**Information provided:**
=======
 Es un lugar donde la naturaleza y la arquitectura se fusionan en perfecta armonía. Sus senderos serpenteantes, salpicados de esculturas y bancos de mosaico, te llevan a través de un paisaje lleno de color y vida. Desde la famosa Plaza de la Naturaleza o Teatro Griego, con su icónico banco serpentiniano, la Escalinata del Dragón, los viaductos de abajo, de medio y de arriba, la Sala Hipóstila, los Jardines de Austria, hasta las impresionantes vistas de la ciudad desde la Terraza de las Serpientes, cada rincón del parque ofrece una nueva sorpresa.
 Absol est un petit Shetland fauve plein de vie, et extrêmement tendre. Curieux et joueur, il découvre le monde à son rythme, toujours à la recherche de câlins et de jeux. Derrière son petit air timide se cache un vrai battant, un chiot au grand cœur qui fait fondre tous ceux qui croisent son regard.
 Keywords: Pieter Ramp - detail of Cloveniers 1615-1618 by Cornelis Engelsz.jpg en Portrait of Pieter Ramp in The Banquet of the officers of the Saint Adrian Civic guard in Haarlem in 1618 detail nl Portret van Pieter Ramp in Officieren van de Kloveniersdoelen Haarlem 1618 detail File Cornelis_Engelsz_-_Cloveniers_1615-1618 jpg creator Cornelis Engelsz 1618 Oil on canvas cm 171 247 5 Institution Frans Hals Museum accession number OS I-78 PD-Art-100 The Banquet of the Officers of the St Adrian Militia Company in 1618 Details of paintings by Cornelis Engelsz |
=======
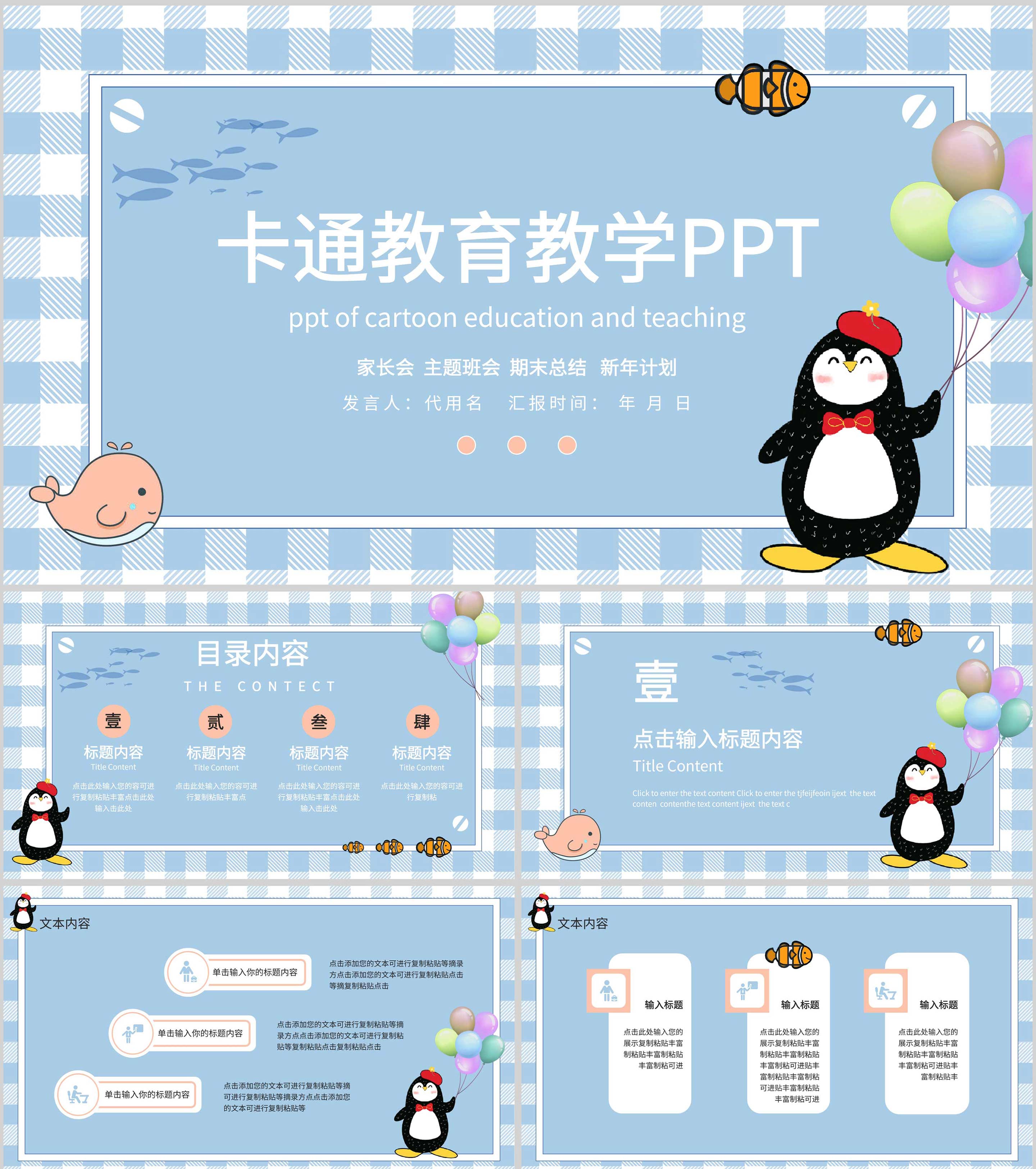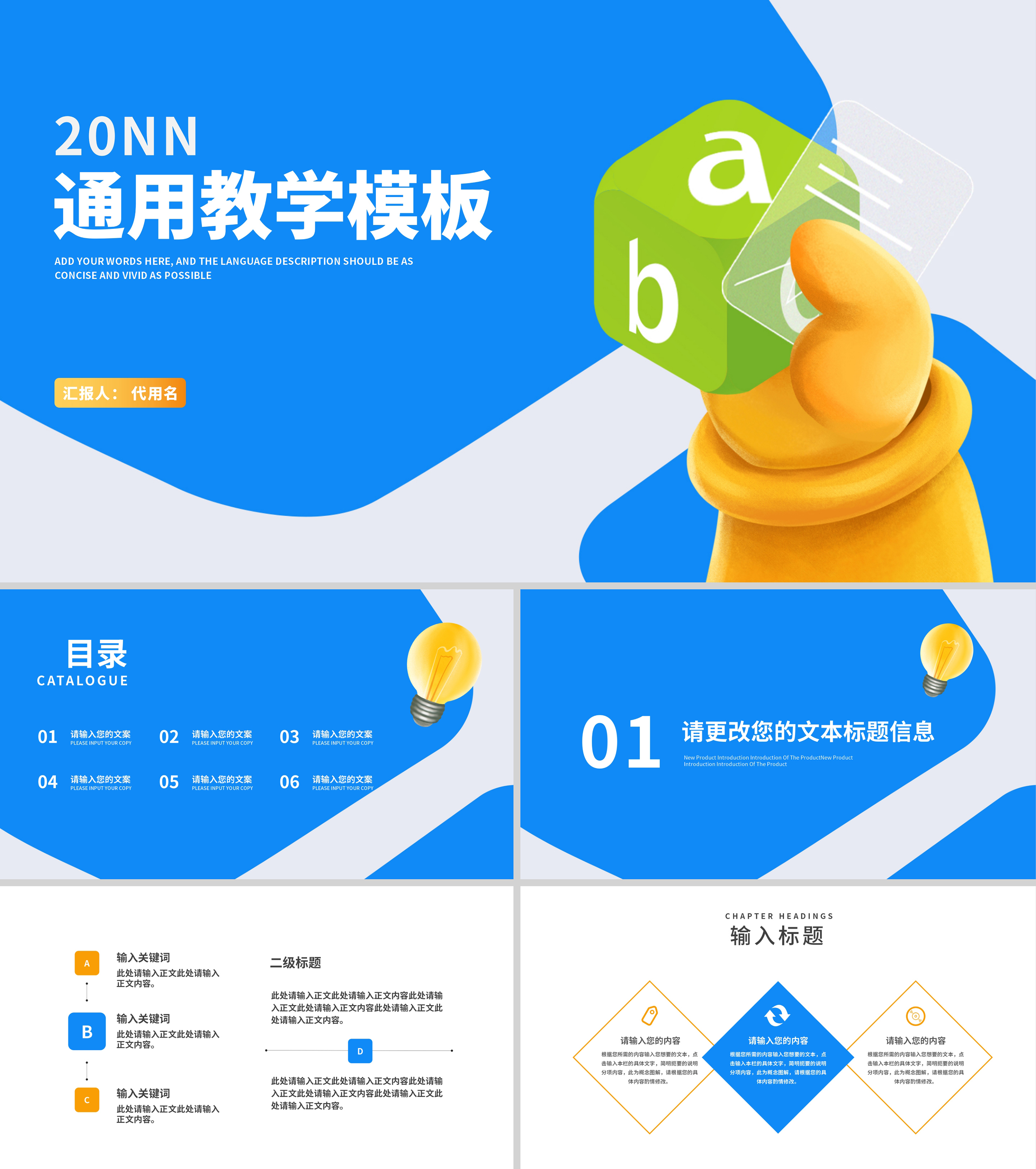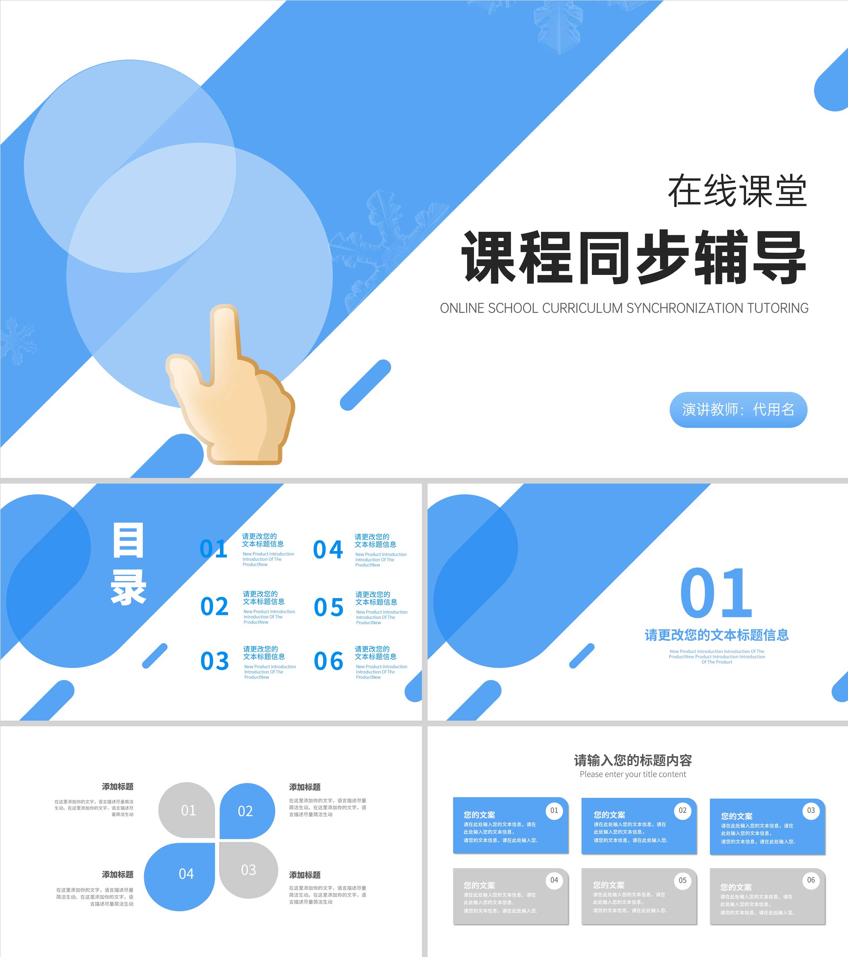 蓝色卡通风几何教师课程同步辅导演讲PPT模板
=======
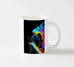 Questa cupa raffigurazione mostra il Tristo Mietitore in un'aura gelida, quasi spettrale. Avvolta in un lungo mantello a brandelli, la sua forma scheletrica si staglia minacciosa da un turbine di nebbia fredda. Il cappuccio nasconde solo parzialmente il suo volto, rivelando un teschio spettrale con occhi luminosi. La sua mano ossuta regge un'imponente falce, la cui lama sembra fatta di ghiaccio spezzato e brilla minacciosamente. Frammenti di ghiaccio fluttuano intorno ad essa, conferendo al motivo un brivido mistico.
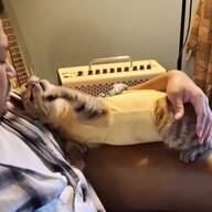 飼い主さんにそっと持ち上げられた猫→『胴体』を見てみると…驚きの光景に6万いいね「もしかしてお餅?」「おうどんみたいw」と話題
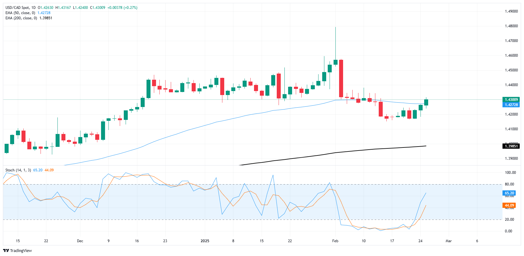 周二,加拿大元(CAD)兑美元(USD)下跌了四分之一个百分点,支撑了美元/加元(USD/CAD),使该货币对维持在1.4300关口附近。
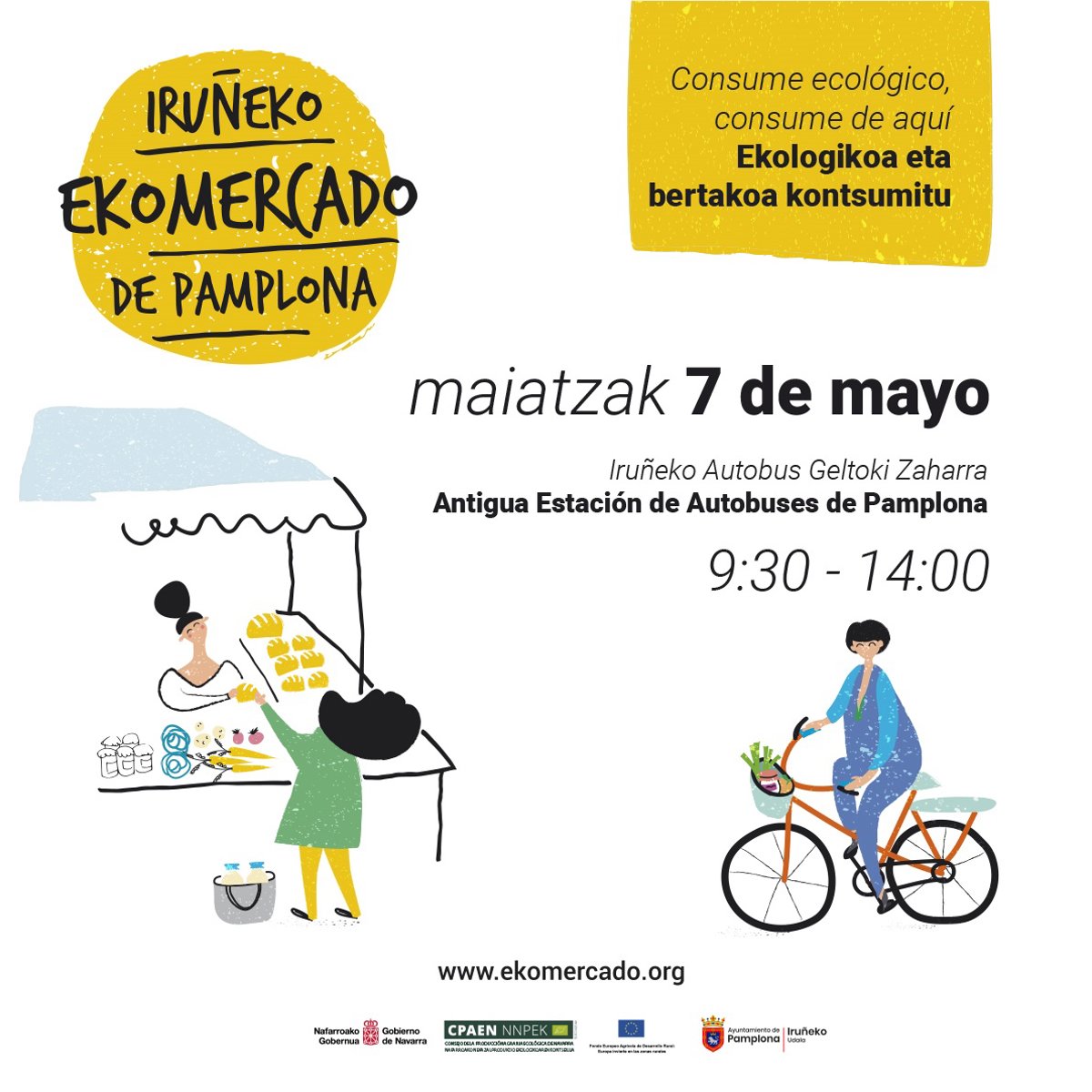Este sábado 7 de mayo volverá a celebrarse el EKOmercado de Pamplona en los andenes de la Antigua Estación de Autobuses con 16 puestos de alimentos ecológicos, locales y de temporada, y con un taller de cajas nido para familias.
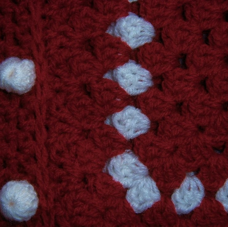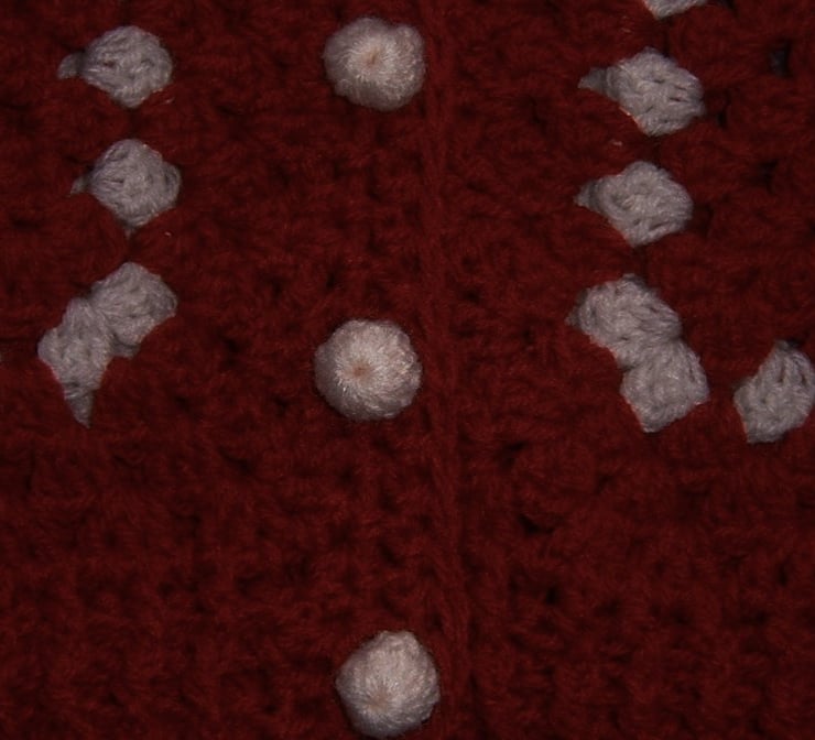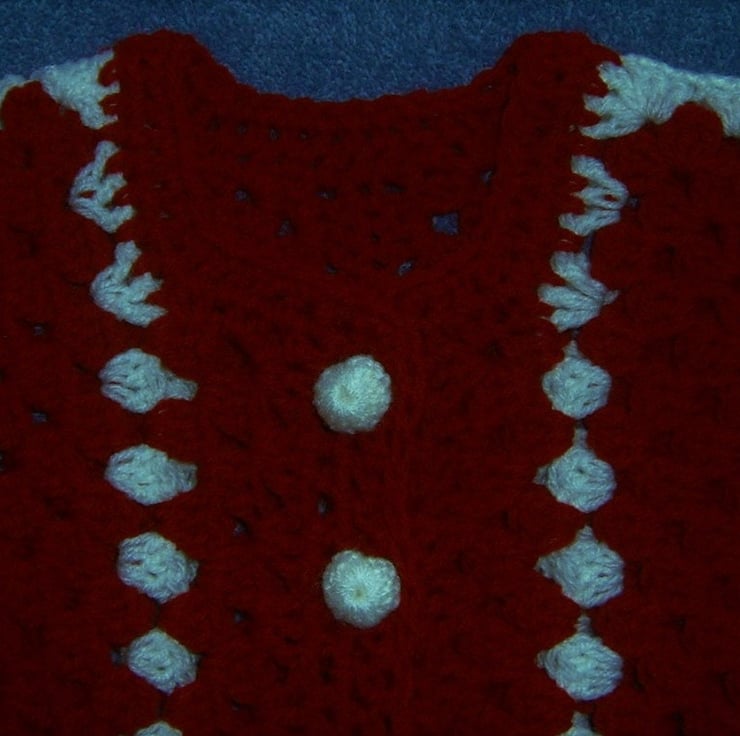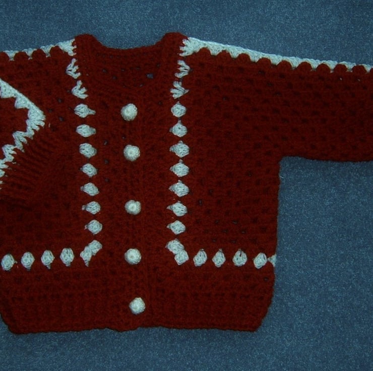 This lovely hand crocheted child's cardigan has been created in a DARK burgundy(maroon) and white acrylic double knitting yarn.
=======
**Activity:** Reproduce verbatim only the segment of the listing bounded by the line containing "Es un lugar" and the line containing "Keywords: Pieter Ramp", with both boundary lines included.

**Response for this exercise:**
 Es un lugar donde la naturaleza y la arquitectura se fusionan en perfecta armonía. Sus senderos serpenteantes, salpicados de esculturas y bancos de mosaico, te llevan a través de un paisaje lleno de color y vida. Desde la famosa Plaza de la Naturaleza o Teatro Griego, con su icónico banco serpentiniano, la Escalinata del Dragón, los viaductos de abajo, de medio y de arriba, la Sala Hipóstila, los Jardines de Austria, hasta las impresionantes vistas de la ciudad desde la Terraza de las Serpientes, cada rincón del parque ofrece una nueva sorpresa.
 Absol est un petit Shetland fauve plein de vie, et extrêmement tendre. Curieux et joueur, il découvre le monde à son rythme, toujours à la recherche de câlins et de jeux. Derrière son petit air timide se cache un vrai battant, un chiot au grand cœur qui fait fondre tous ceux qui croisent son regard.
 Keywords: Pieter Ramp - detail of Cloveniers 1615-1618 by Cornelis Engelsz.jpg en Portrait of Pieter Ramp in The Banquet of the officers of the Saint Adrian Civic guard in Haarlem in 1618 detail nl Portret van Pieter Ramp in Officieren van de Kloveniersdoelen Haarlem 1618 detail File Cornelis_Engelsz_-_Cloveniers_1615-1618 jpg creator Cornelis Engelsz 1618 Oil on canvas cm 171 247 5 Institution Frans Hals Museum accession number OS I-78 PD-Art-100 The Banquet of the Officers of the St Adrian Militia Company in 1618 Details of paintings by Cornelis Engelsz |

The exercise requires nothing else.